However, the spatially confident placing of the buildings, the system of varied routes and the tangible sense of identity that has been created remain an inestimable treasure, a building where the ambitious spirit of this institution will certainly be able to establish itself.
Through the new buildings and through the renovation of the convent courtyard they were able to place spatial counterbalance to the dominance of the pilgrimage church. The power of the monoliths was increased by shifting the concrete pouring stages by half a storey. The joints between he different pouring stages, which generally seem so tectonic and horizontal, are changed into seams in a continuous external skin. This facade structure is overlaid with the composed rhythm of a perforated facade, achieved by staggering the arrangement on each floor and by the combination of only two types of window. All the metal surfaces are of gold anodised aluminium that introduces an unexpectedly friendly note into stony severity.
Monastic shells
The history of the former Dominican nuns convent, founded in 1267, which lies at the exit from the Brandenberg valley is a history of segregation, of voluntary and enforced separation. The cloak of history writing is thin, given the tragedy of the individual biographies connected with this place in the course of 740 years. The recent conversion, unimpressed by this fact, reacts above all to the dynamic energy of the nearby river and the dominant narrowness of the valley with two squat buildings made of exposed concrete.
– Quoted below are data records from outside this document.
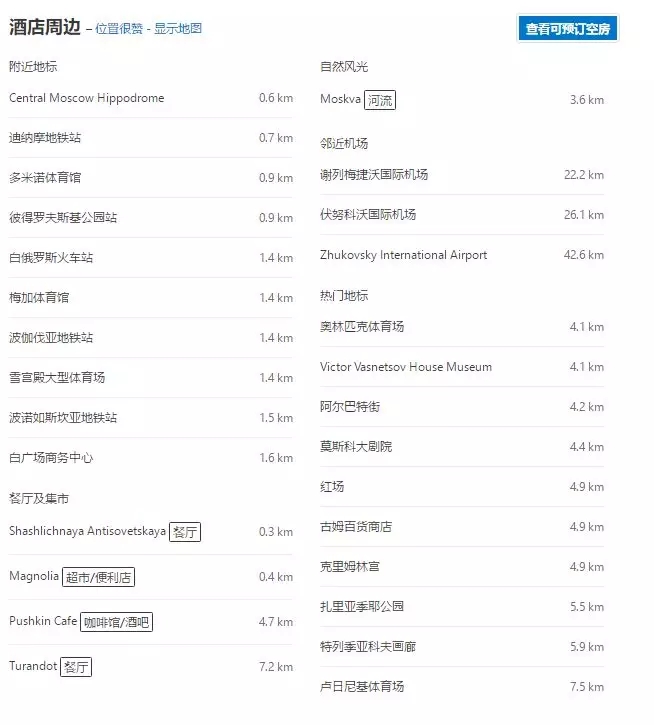 酒店提供前往Okhotny Ryad Metro Station地鐵站的免費(fèi)班車服務(wù),距離紅場(Red Square)有一段很短的車程,距離Belorussky Train Station火車站2公里。客人從該火車站搭乘機(jī)場特快列車(Aeroexpress Train),僅需35分鐘即可抵達(dá)Sheremetyevo International Airport國際機(jī)場。
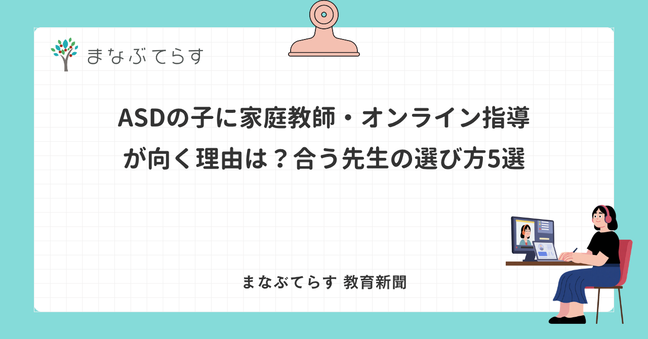 この記事では、ASDの特性があるお子さんに家庭教師・オンライン個別指導が向く理由、「合う先生」を見極める5つの観点、そして家庭側でできる環境づくりまでを具体的に解説します。
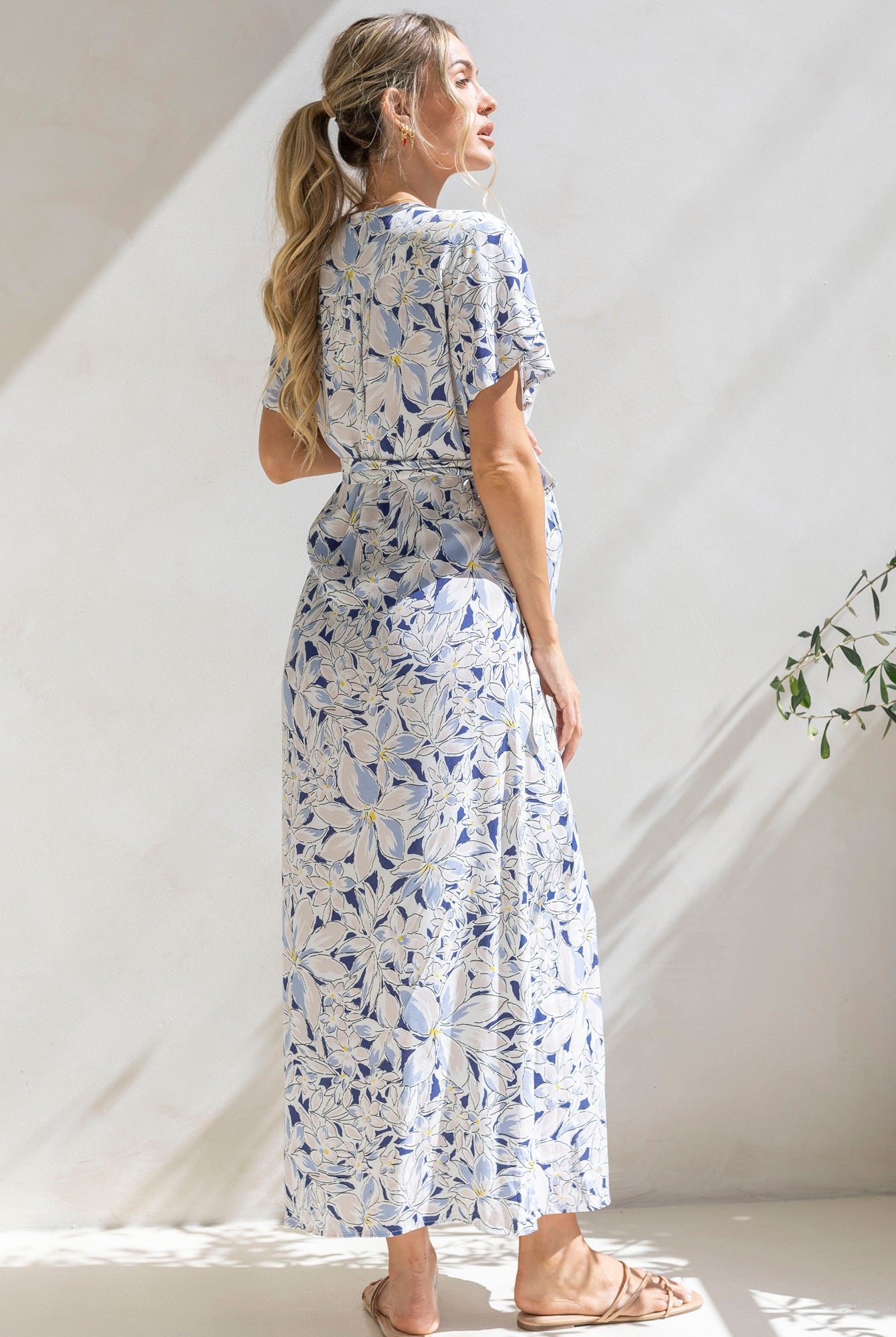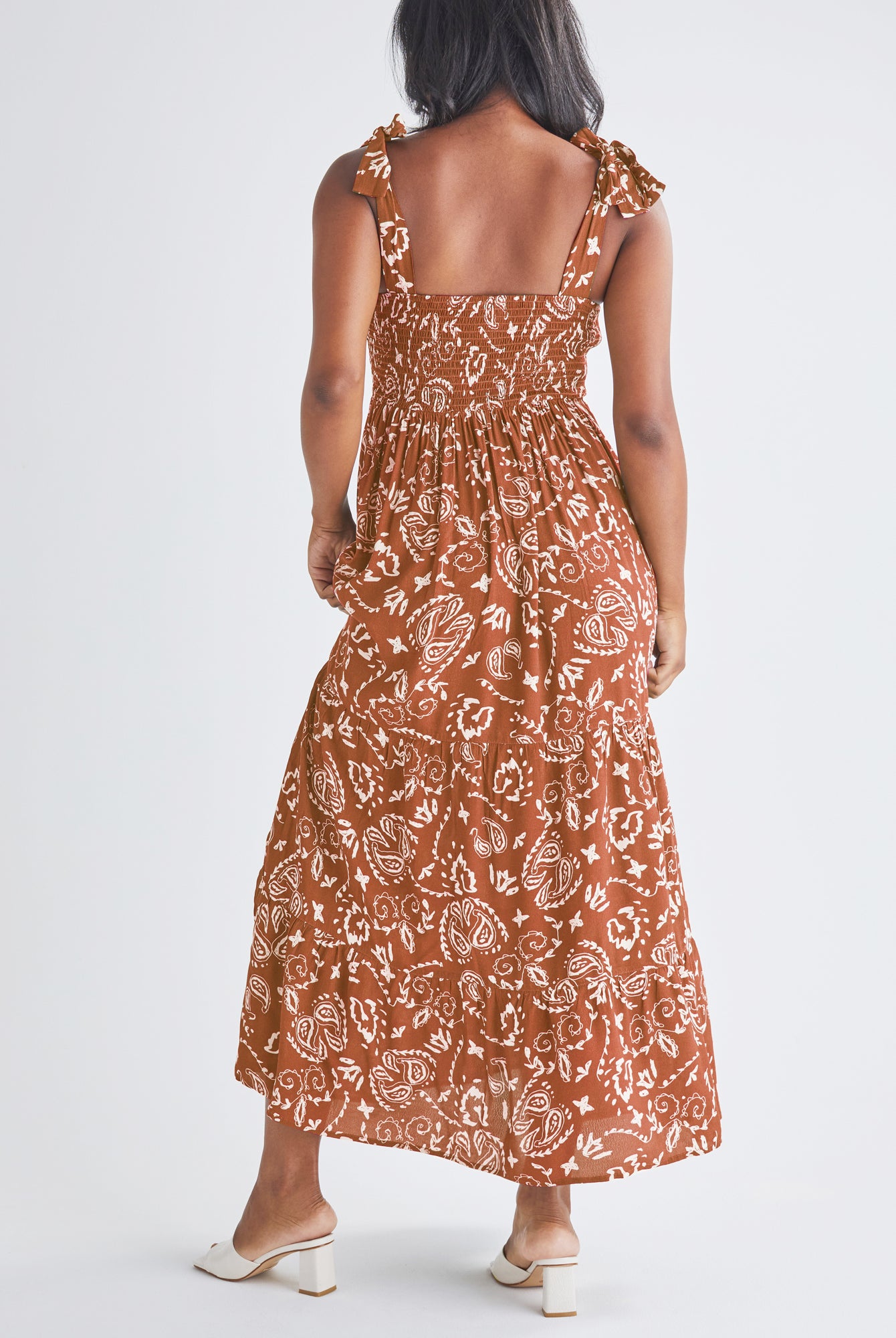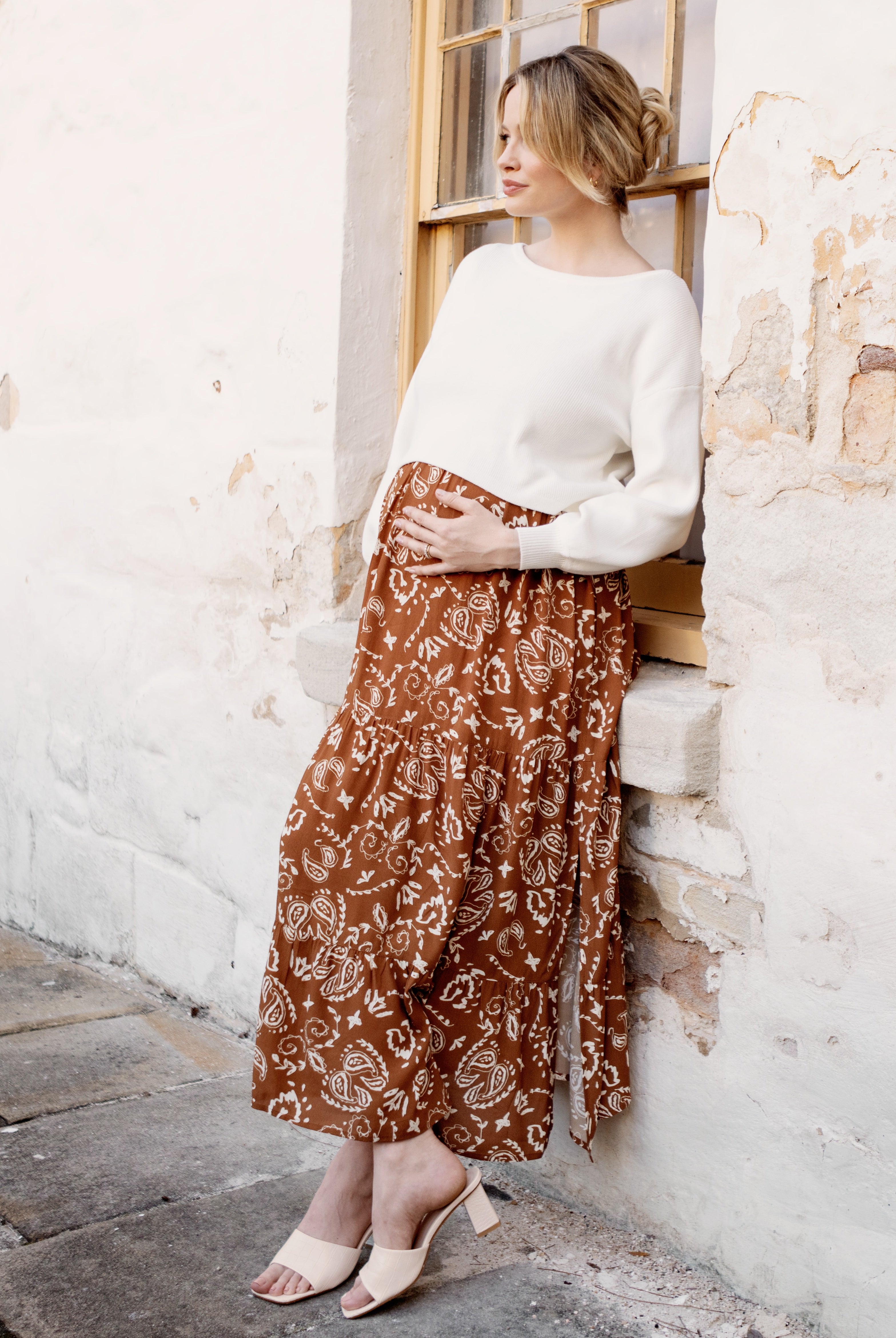 Wear a maternity maxi dress barefoot for a bohemian-inspired look.
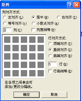 word插入矩阵的方法 很多研究数学问题的朋友在使用word录入文档时,经常会遇到要输入数学公式的情况,下面是我整理的word插入矩阵的方法,希望对你有帮助! 1、为了大众化,我们就选用word里面自带的公式编辑器,为大家讲解,其界面如下 2、我们打开word,将光标定位于要插入矩阵的地方,点击插入——公式,这样就可以调查公式编辑器界面了 3、首先我们先插入矩阵外边的.括号:这个相对简单,点击如图的位置即可 4、插入里面的行和列,点击下图的位置,会出来一个矩阵对话框,我们在里面输入行数和列数。 5、通过上面几步我们就可以在里面输入我们的矩阵了,如图所示,我们的是一个3行2列的矩阵,我们在其中输怎么打矩阵,在word公式编辑器里。
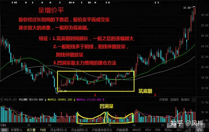 2、量增价平要转阴,低位持续为建仓,当一只股票在高位或者在上升趋势中,出现了成交量增加而股价却得不到拉升,这种就是一个变盘信号,一般是卖盘太多所导致,就是出场的信号;但如果在经过长期的下跌趋势后,股价开始走平成交量却呈现逐渐的放大,那么就是筑底的期间,一般阳线会多于阴线,主力会用凹洞量的惯用方法进行建仓。
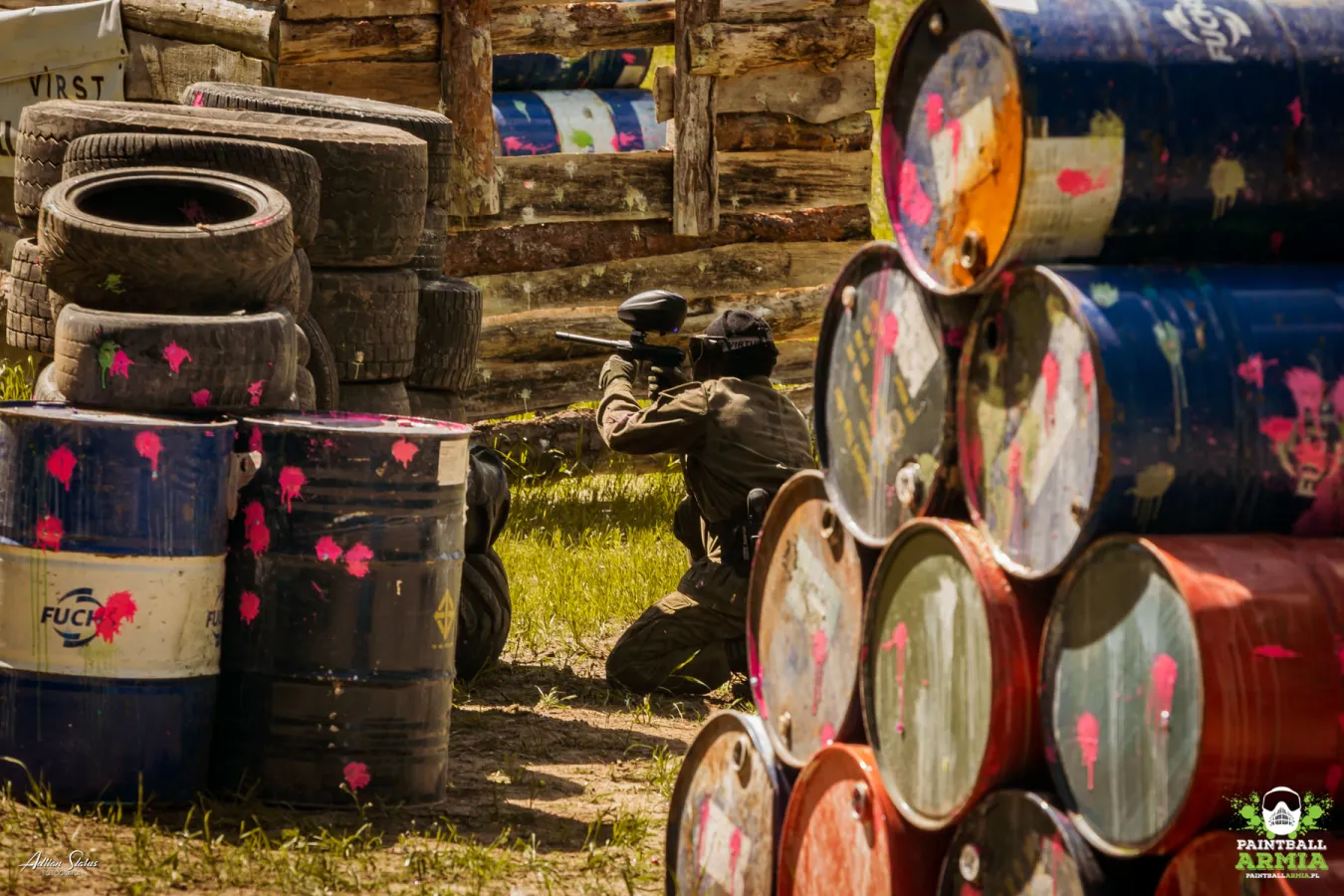 Paintball Armia oferuje dynamiczne rozgrywki paintballowe, które zapewniają dawkę adrenaliny i niezapomniane wrażenia. Pole gry jest strategicznie zaprojektowane z wykorzystaniem naturalnych elementów terenu oraz sztucznych przeszkód, takich jak drewniane bazy, bunkry i sterty gałęzi, co umożliwia realizację różnorodnych scenariuszy taktycznych i strategicznych.

The idea of the mediaeval convent provided the motif for this new design start.
The history of this complex ranges from the missionary work of the Middle Ages to stagnation during the Reformation, a new upsurge during the Counter-Reformation in the form of Baroque redesign and the donation of sacred relics for the purpose of pilgrimage, to dissolution under Joseph II in 1782 and reorganisation in 1867 as a school run by a religious order. An episode from 1932 to 1941, when the buildings were used as a transfer camp for mentally handicapped children, ended in the transport of 61 children to a death camp. After the war the State of Tyrol ran residential school here until the establishment of the special school.